El-Erian: I buy the view that these are uncertain times. What I don’t buy is the notion that we are therefore confident that inflation is transitory. Undoubtedly, there are two elements that are transitory. One are called base effects. Simply, when you compare with the previous year, it really does matter that the price level came down. And the other one are very short-term imbalances between supply and demand. But we are seeing deeper things going on in the economy. And I just think you have to be open-minded to the fact that the supply side and the demand side are evolving structurally in a way that may be pro-inflationary.

Ryssdal: Can I read that as you saying that perhaps the Fed is not being open-minded right now, and that maybe Chair Powell has painted himself into a corner?

El-Erian: I fear that’s the case. And I say I fear because Fed credibility is key. So the Fed has done two things. One, it has repeated the “transitory” narrative, and it has become a mantra. Literally a mantra. And the second one is that it shifted at an unfortunate time from a forecast-based approach to an outcome-based approach. So if the Fed is wrong, it will be late. And if it is late, it’s gonna have to slam on the brakes. And if it has to slam on the brakes, history suggests we end up in a recession, and we may end up with financial instability. So there’s a lot at stake here. And that’s why slowly easing your foot off the accelerator is a much better outcome than having to slam on the brakes.

Ryssdal: Let’s translate here for a second. When you say “slam on the brakes,” you mean raise interest rates precipitously, which will then drive the economy into recession and markets will go haywire.

El-Erian: Correct. And the last thing we need right now is to derail the recovery and to derail what I think is a significant economic policy shift by the [Joe] Biden administration.

Ryssdal: So what are you looking at to let you know when this might not be transitory? I mean, Treasury Secretary [Janet] Yellen said this weekend she’s looking at expectations, right, what people are thinking about inflation. Also low-wage earners and their pay increases. What are your tells here?

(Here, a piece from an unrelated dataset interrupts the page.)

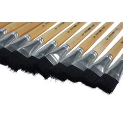 Ideal for many types of mediums, the School Smart black bristle, flat paint brush set has 12 traditional wooden brushes. The long handled paint brushes have interlocked pig hair bristles in seamless, smooth aluminum ferrules. Each hardwood handle is clear-coated and easy to use and hold. Perfect for schools, classrooms, and recreation centers, our affordable art tools help you stock up and save.Features

El-Erian: So first, I’m looking at the fact that from the aggregate data, we have completely missed the surge in both CPI inflation and what’s called [personal consumption expenditures] inflation. Second, I listen very carefully to what companies tell us on their quarterly earnings and then look at the functioning of the labor market. How do you explain that booming demand is not resulting in higher jobs being created? How do you explain the fact that we have over 8 million openings that are not being filled? So I look —

Ryssdal: Well, sorry to jump in. But you look at the pay of these jobs. You look at the fact that people are still being scared of catching a disease. And then also, as you know, in this country, there’s the whole discussion about federal [unemployment insurance] benefits. I mean, there’s a lot of factors here.

El-Erian: Correct. And over the next few months, some of them should be reversed. So the UI argument we will know by the end of September. We will also get a better feel for how worried people are about going back to work. We will also get a better feel for what happens when you open schools. But I do think child care is important. I do think that we are having skill mismatches. There’s simply too many uncertainties. The alternative of just repeating over and over again, that it’s transitory inflation suggests that you have conviction when there’s little foundation for that view.

Ryssdal: All right, so here comes the unknowable question. When are we going to know whether this inflation that we are seeing — because it’s there, right? — when are we going to know whether it’s transitory or it’s here to stay?

El-Erian: So the Fed has told us very clearly that they don’t expect to know until the end of the year or the beginning of next year. The markets are a little bit less certain, so we have seen a significant increase in inflation expectations. And this is the issue, is when you ask the question, if I end up making a mistake, which mistake can I recover from more quickly?